Archive

Quotes

Again, men in general desire the good, and not merely what their fathers had.

—Aristotle, c. 350 BC

A Jewish man with parents alive is a fifteen-year-old boy, and will remain a fifteen-year-old boy till they die!

—Philip Roth, 1969

As the family goes, so goes the nation and so goes the whole world in which we live.

—Pope John Paul II, 1986

It is impossible to please all the world and one’s father.

—Jean de La Fontaine, 1668

The thing that impresses me most about America is the way parents obey their children.

—Edward, Duke of Windsor, 1957

By and large, mothers and housewives are the only workers who do not have regular time off. They are the great vacationless class.

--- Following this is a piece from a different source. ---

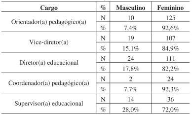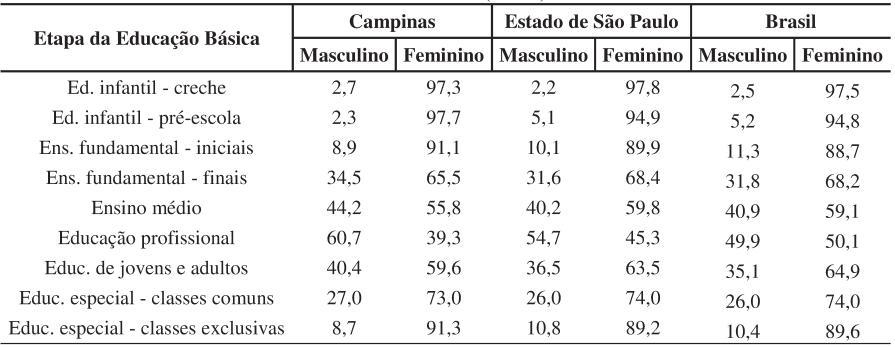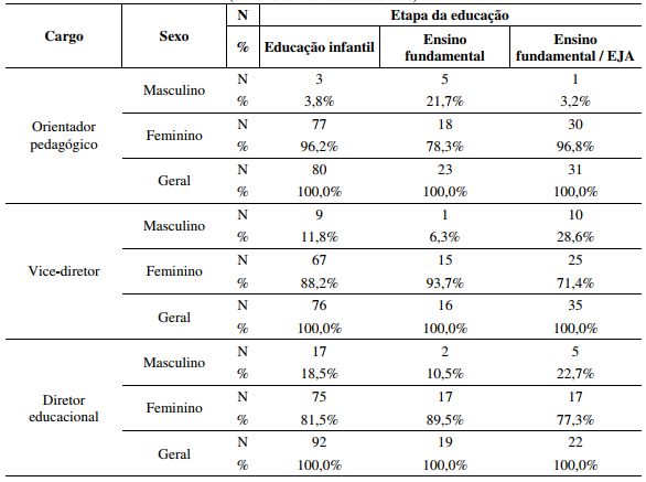 A desigualdade de gênero na docência nas diferentes etapas da educação brasileira tem sido problematizada pela produção acadêmica da área (Saparolli, 1998; Vianna, 2001/02) e contribuímos com tal discussão evidenciando também as desigualdades entre os cargos de especialistas em educação – diretor(a) educacional, vice-diretor(a), orientador(a) pedagógico(a) –, constatando que a falta de interesse de homens por atuar na docência em determinadas etapas não reflete, necessariamente, a mesma situação ao considerarmos a ocupação de cargos na gestão escolar no mesmo segmento de ensino.

—Anne Morrow Lindbergh, 1955

My father! The sun is my father, and the earth is my mother, and on her bosom I will recline.

—Tecumseh, 1810

All women become like their mothers. That is their tragedy. No man does. That’s his.

—Oscar Wilde, 1895

The strength of a family, like the strength of an army, is in its loyalty to each other.

—Mario Puzo, 2001

I cannot bear a parent’s tears.

—Virgil, c. 25 BC

Every man sees in his relatives, and especially in his cousins, a series of grotesque caricatures of himself.

—H.L. Mencken, 1919

In peace, children inter their parents; war violates the order of nature and causes parents to inter their children.

—Herodotus, 440 BC

The root of the kingdom is in the State. The root of the State is in the family. The root of the family is in the person of its Head.